WHAT YOU ARE ASKED TO DO:
Please return exactly the lines from the top of the data through the line that contains "会客厅的侧窗尺寸达到了110", and skip all pictures.

*** GIVEN DATA Section Begins ***

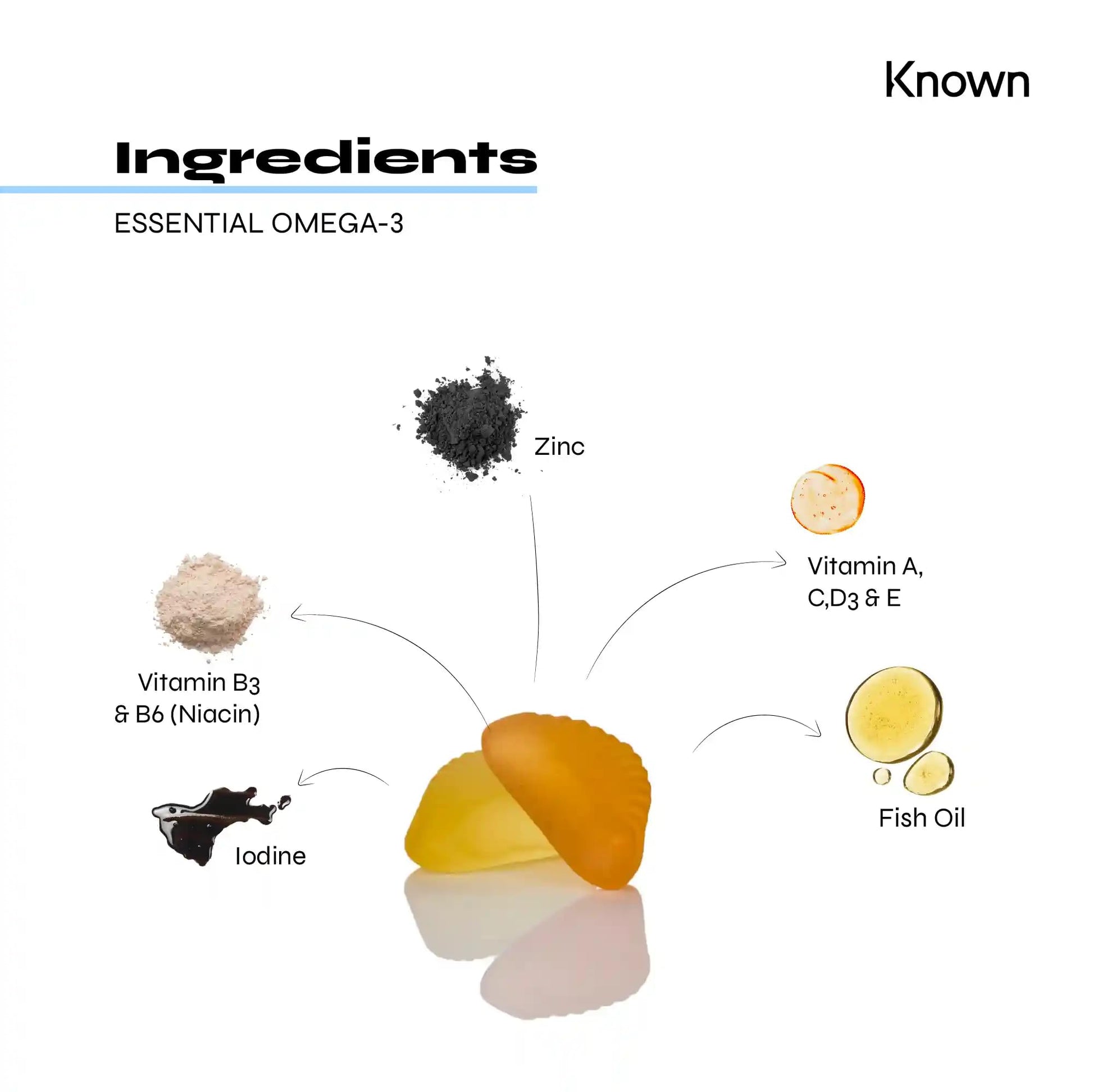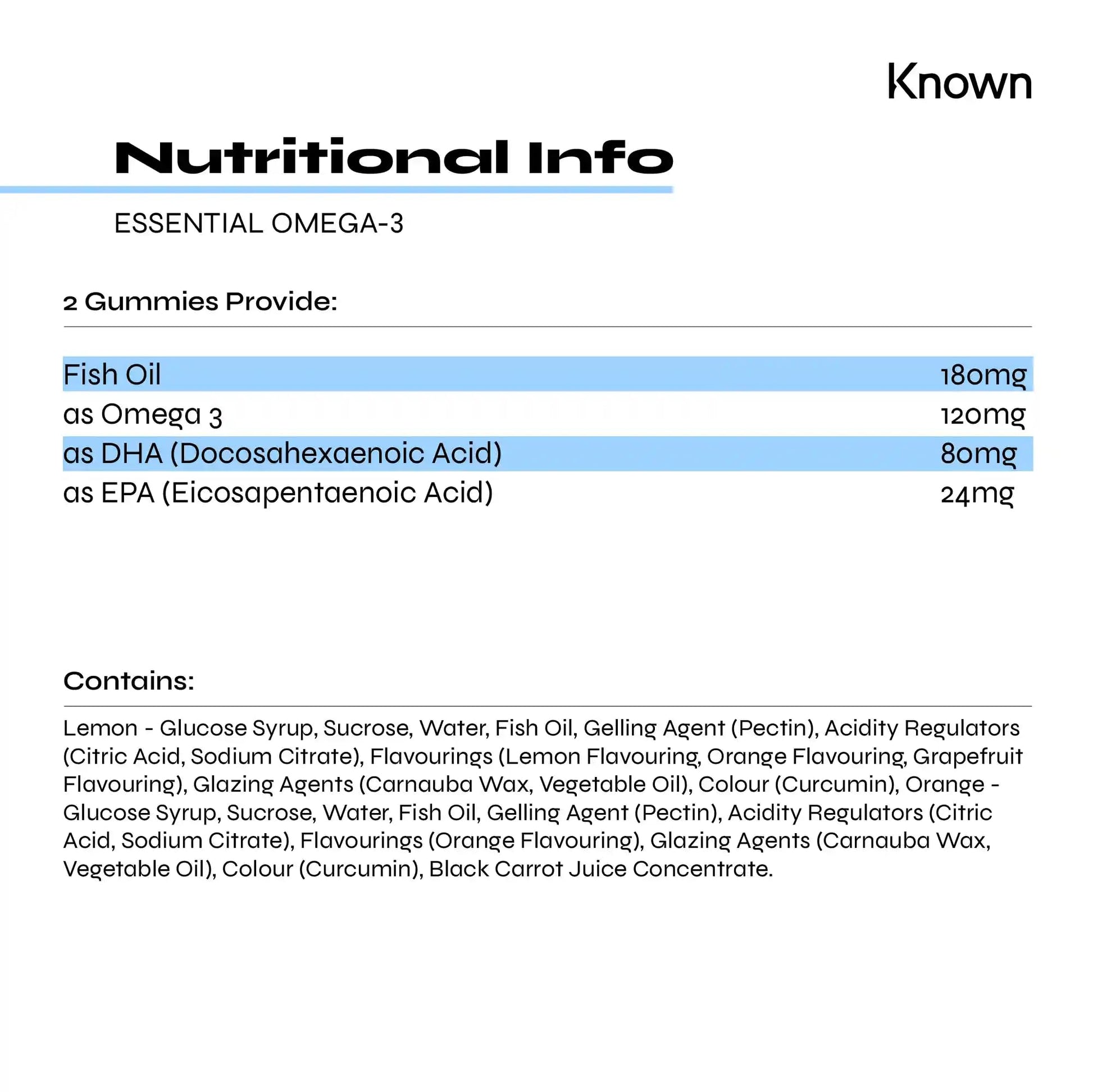Getting your daily Omega 3 just got a lot more delicious and a whole lot easier. Omega-3 is called an essential fat for a reason. It makes up crucial parts of cell membranes in our body. You have to get Omega 3 from food or an Omega 3 supplement. Each serving of our premium grade Omega 3 Fish Oil Vitamin Gummies delivers high potency vital fatty acids. Containing EPA and DHA, the two most effective forms of Omega 3, our gummy supplements help contribute to the heart's normal function, , support normal blood pressure, and the maintenance of normal vision and brain function. And you get it all in a tasty Lemon and Orange flavoured Gummy. It is a simple but effective way to increase your Omega 3 intake. Known Nutrition Omega 3 Gummies have a great fruity taste, which makes them a delicious alternative to traditional Omega 3 supplements. Containing 180mg of Fish Oil per serving offering 120mg as Omega 3, 80mg as DHA and 24mg as EPA. Unlike other Omega 3 formats, there is no fishy taste, just refreshing Lemon and Orange flavour, free from artificial colours and flavours, preservatives and lactose.More Info
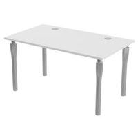 Plateau haute densité finition mélaminé classé au feu M3. Chant plaqué épaisseur 2 mm. 2 obturateurs pour le passage des câbles Ø 80 mm. 2 raidisseurs métalliques sous plateau à partir de 140 cm de large. Pieds en tube acier Ø 60 mm équipés de vérins de réglage. Proposée dans de nombreux format de plateau
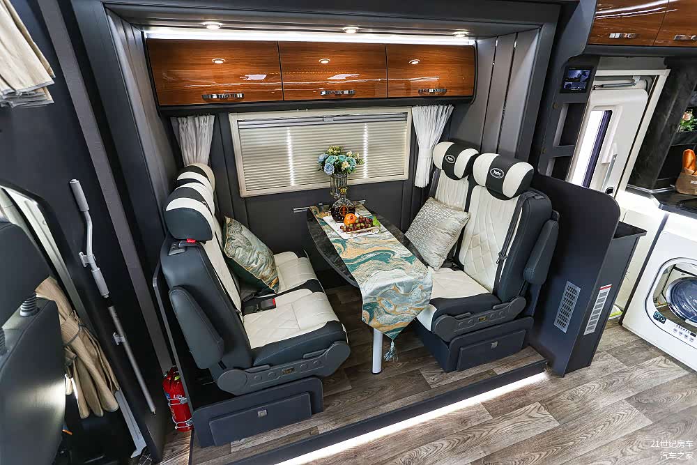 会客厅的侧窗尺寸达到了1104×904(mm),超大观景车窗带来极佳的车内视野,结构通过了ECE欧洲安全认证,在安全和隔热性有不错的保障。
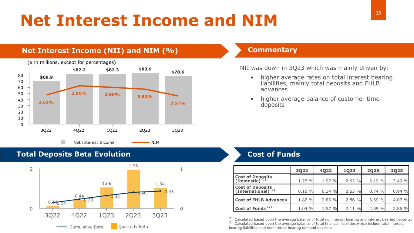 13 $69.9 $82.2 $82.3 $83.9 $78.6 3.61% 3.96% 3.90% 3.83% 3.57% Net Interest Income NIM 3Q22 4Q22 1Q23 2Q23 3Q23 0 10 20 30 40 50 60 70 80 NII was down in 3Q23 which was mainly driven by: • higher average rates on total interest bearing liabilities, mainly total deposits and FHLB advances • higher average balance of customer time deposits Net Interest Income and NIM Net Interest Income (NII) and NIM (%) Total Deposits Beta Evolution ($ in millions, except for percentages) Commentary 3Q22 4Q22 1Q23 2Q23 3Q23 Cost of Deposits (Domestic) (1) 1.25 % 1.97 % 2.62 % 3.19 % 3.49 % Cost of Deposits (International) (1) 0.16 % 0.34 % 0.53 % 0.74 % 0.94 % Cost of FHLB Advances 1.82 % 2.86 % 2.86 % 3.69 % 4.07 % Cost of Funds (2) 1.04 % 1.57 % 2.11 % 2.59 % 2.86 % Cost of Funds 0.14 0.44 1.06 1.96 1.04 0.14 0.23 0.32 0.40 0.43 3Q22 4Q22 1Q23 2Q23 3Q23 0 2 0 1 (1) Calculated based upon the average balance of total noninterest bearing and interest bearing deposits. (2) Calculated based upon the average balance of total financial liabilities which include total interest bearing liabilities and noninterest bearing demand depositsQuarterly BetaCumulative Beta

*** GIVEN DATA Section Ends ***

RESPONSE BELOW:
Getting your daily Omega 3 just got a lot more delicious and a whole lot easier. Omega-3 is called an essential fat for a reason. It makes up crucial parts of cell membranes in our body. You have to get Omega 3 from food or an Omega 3 supplement. Each serving of our premium grade Omega 3 Fish Oil Vitamin Gummies delivers high potency vital fatty acids. Containing EPA and DHA, the two most effective forms of Omega 3, our gummy supplements help contribute to the heart's normal function, , support normal blood pressure, and the maintenance of normal vision and brain function. And you get it all in a tasty Lemon and Orange flavoured Gummy. It is a simple but effective way to increase your Omega 3 intake. Known Nutrition Omega 3 Gummies have a great fruity taste, which makes them a delicious alternative to traditional Omega 3 supplements. Containing 180mg of Fish Oil per serving offering 120mg as Omega 3, 80mg as DHA and 24mg as EPA. Unlike other Omega 3 formats, there is no fishy taste, just refreshing Lemon and Orange flavour, free from artificial colours and flavours, preservatives and lactose.More Info
 Plateau haute densité finition mélaminé classé au feu M3. Chant plaqué épaisseur 2 mm. 2 obturateurs pour le passage des câbles Ø 80 mm. 2 raidisseurs métalliques sous plateau à partir de 140 cm de large. Pieds en tube acier Ø 60 mm équipés de vérins de réglage. Proposée dans de nombreux format de plateau
 会客厅的侧窗尺寸达到了1104×904(mm),超大观景车窗带来极佳的车内视野,结构通过了ECE欧洲安全认证,在安全和隔热性有不错的保障。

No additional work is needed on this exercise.